Pour dualiser le combat d’idées entre Isabelle et Christine, Noomi Rapace et Rachel McAdams, qui oscillent constamment entre la sensualité débordante, jouant d’une géométrie amoureuse à partenaire variable, et le cabotinage insupportable. Ce qui surprend au début, tant le surjeu est grossier, devient plaisant, voire assimilé d’une certaine logique quand De Palma s’amuse à tordre la réalité, jouer sur les fantasmes imaginatifs, et nous indique que beaucoup de ce que l’on voit n’est pas la réalité mais l’interprétation même des personnages. Aidé de tous ses stratagèmes et d’une caméra armée jusqu’aux dents avec laquelle il va tenter de renouveler constamment sa mise en scène – pour le meilleur mais aussi pour le plaisir du kitsch à outrance –, il délivre un brûlot assez frontal sur les manipulations en entreprise et sur l’univers de la publicité, où tous les coups sont permis pour tirer la couverture à soi.

On voit ces deux femmes se dirigeant inéluctablement vers la folie, où plus rien ne peut les sauver, et où tout va crescendo, peut-être un peu trop. À vouloir inclure dans un récit déjà riche des teintes thriller, De Palma se perd dans une histoire qui tombe peu à peu dans l’improbable, et où les parallèles – celui avec Sœurs de sang, par exemple – deviennent trop grossiers, jusqu’à l’utilisation de la musique de Pino Donaggio qui, si elle rappelle les moments les plus divertissants de Body Double alourdit le tout ici. Le métrage devient grossier dans son fond, et a du mal à être sauvé par sa forme, surtout quand celle-ci se complaît à vouloir ponctuer ses rebondissements incessants, qui deviennent rapidement agaçants. Voulu comme un retour en force, Passion se présente plus comme un best-of de l’auteur – jusqu’au « split-screen » qui ne sert que peu le propos – qui amène cette fois-ci à l’indigestion. Une belle déception tant on sent la sincérité du cinéaste à vouloir nous offrir une nouvelle œuvre unique, et parfaitement ancrée dans son temps. Un exercice qu’il aime à reproduire, voulant toujours utiliser les nouvelles technologies à sa portée. Après les webcams, ce sont les drones qui vont l’intriguer et qu’il va utiliser pour peindre un portrait peu reluisant de la lutte contre le terrorisme.
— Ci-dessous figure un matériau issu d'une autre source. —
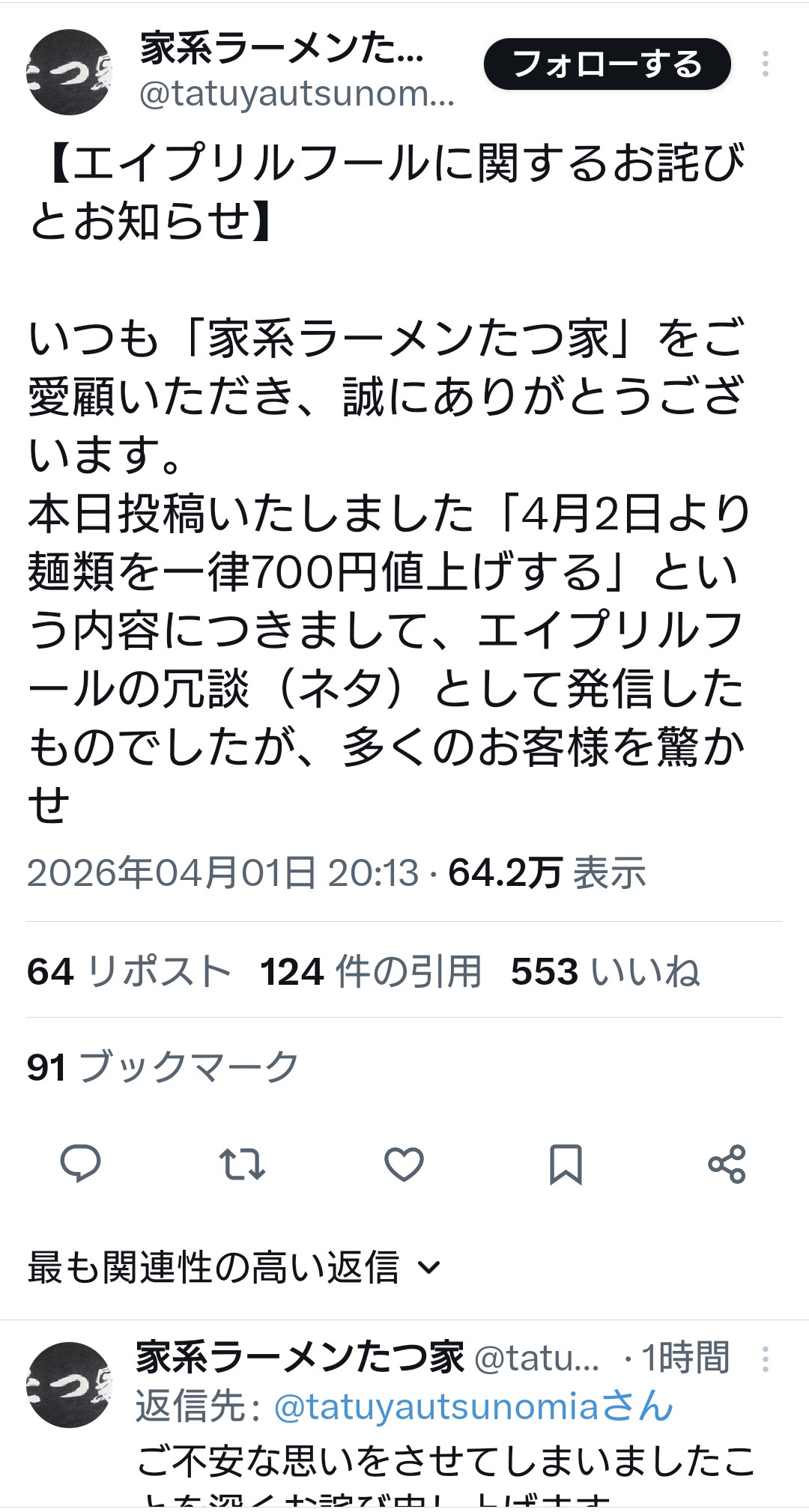| … | 1926/04/01(水)21:40:06No.1416432564そうだねx25ラーメン950円が明日から1650円です! |

Malheureusement pour lui, la production de Domino s’avère très compliqué, et le réalisateur y laisse quelques plumes.

Domino (2019)

Sept ans s’écoulent avant que ce nouveau, et dernier en date, fait d’arme de De Palma ne nous arrive. Coproduction européenne fauchée au tournage interrompu plusieurs fois faute de financement, Domino est un film malade en tous points. Le manque de budget saute aux yeux, l’intrigue semble sortie d’un générateur aléatoire de DTV miteux, et le duo issu de Game Of Thrones Nikolaj Coster-Waldau – Carice Van Houten est bien loin de faire rêver tant sur le papier qu’à l’écran. Pourtant, malgré les déboires évidents du projet, De Palma tente et entend livrer un thriller nerveux sur la lutte antiterroriste. Le script de Petter Skavlan porte sur l’enquête menée par deux agents de police danois, Toft et Boe, après la mort d’un de leurs collègues lors d’une intervention. L’assassin est un ancien membre des forces spéciales qui veut trouver un chef de l’État Islamique pour se venger, objectif partagé par Joe Martin, agent de la CIA, qui se sert du fugitif qu’il a capturé pour arriver à ses fins.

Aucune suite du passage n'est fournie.